→ **Problem to solve**:
Copy out the data from the line containing "acowrap(アコラップ)" to its last line, exactly. No pictures.

→ **Information provided**:
────────────────────

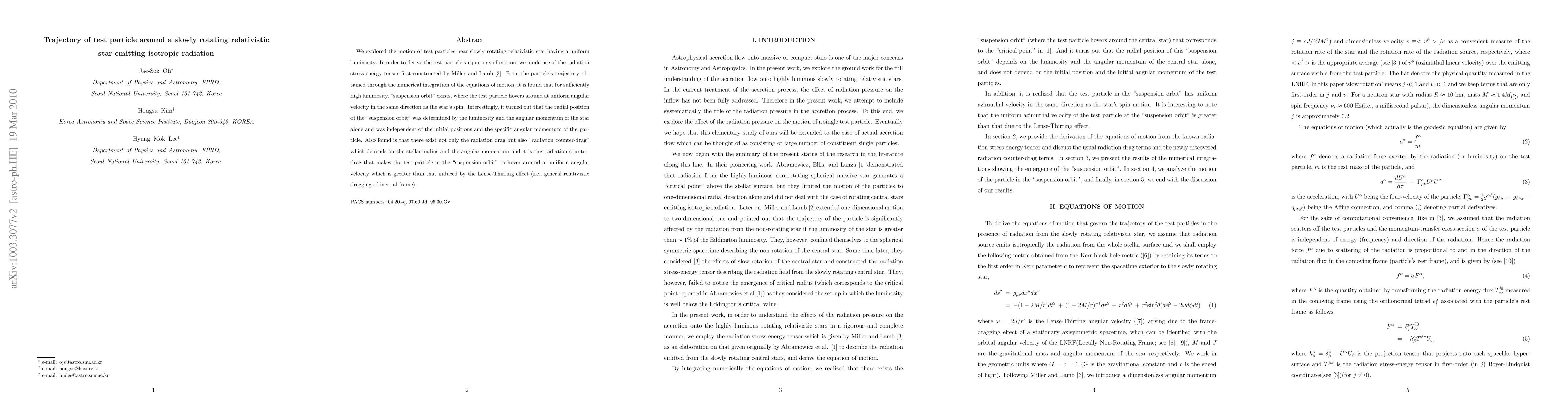 This paper investigates the motion of test particles around a slowly rotating relativistic star emitting isotropic radiation, revealing the existence of a "suspension orbit" where particles hover at uniform angular velocity, driven by a radiation counter-drag independent of initial particle conditions.
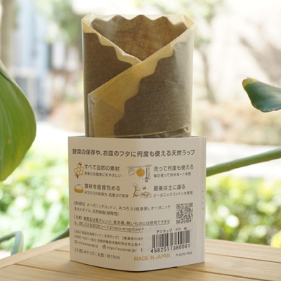 acowrap(アコラップ)といって、オーガニックコットンと岐阜県で採取したミツロウ、オーガニックホホバオイル、天然樹脂の4つの原料で作っている。
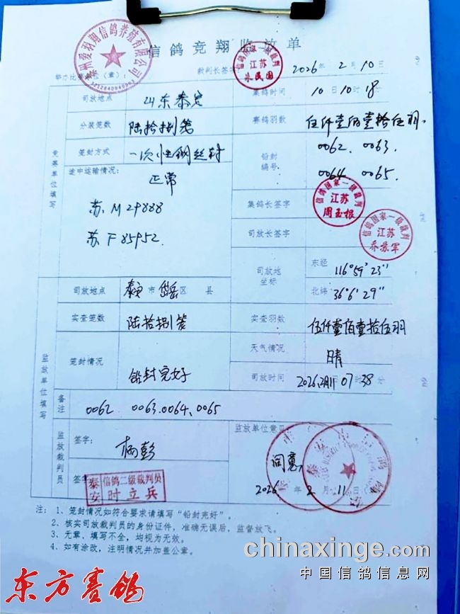 2月11日早上07:38,江苏爱翔赛鸽中心春棚2026年首届春赛第三关500公里决赛,在山东泰安擂响战鼓,实际空距500.638公里。5115羽爱翔战将巅峰对决,争夺决赛的各大奖项。
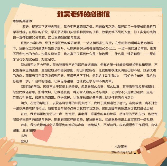 针对这一情况,吴老师继续以“掌握常考,、强化题目训练”为核心,坚持针对性单培辅导。随着相处的时间越来越长,对吴老师越来越信任。小梦同学会主动和吴老师分享一些工作和生活中的趣事和烦恼,而吴老师会耐心倾听,在专业辅导的同时也给予及时的鼓励。

────────────────────

→ **Exercise solution**:
 acowrap(アコラップ)といって、オーガニックコットンと岐阜県で採取したミツロウ、オーガニックホホバオイル、天然樹脂の4つの原料で作っている。
 2月11日早上07:38,江苏爱翔赛鸽中心春棚2026年首届春赛第三关500公里决赛,在山东泰安擂响战鼓,实际空距500.638公里。5115羽爱翔战将巅峰对决,争夺决赛的各大奖项。
 针对这一情况,吴老师继续以“掌握常考,、强化题目训练”为核心,坚持针对性单培辅导。随着相处的时间越来越长,对吴老师越来越信任。小梦同学会主动和吴老师分享一些工作和生活中的趣事和烦恼,而吴老师会耐心倾听,在专业辅导的同时也给予及时的鼓励。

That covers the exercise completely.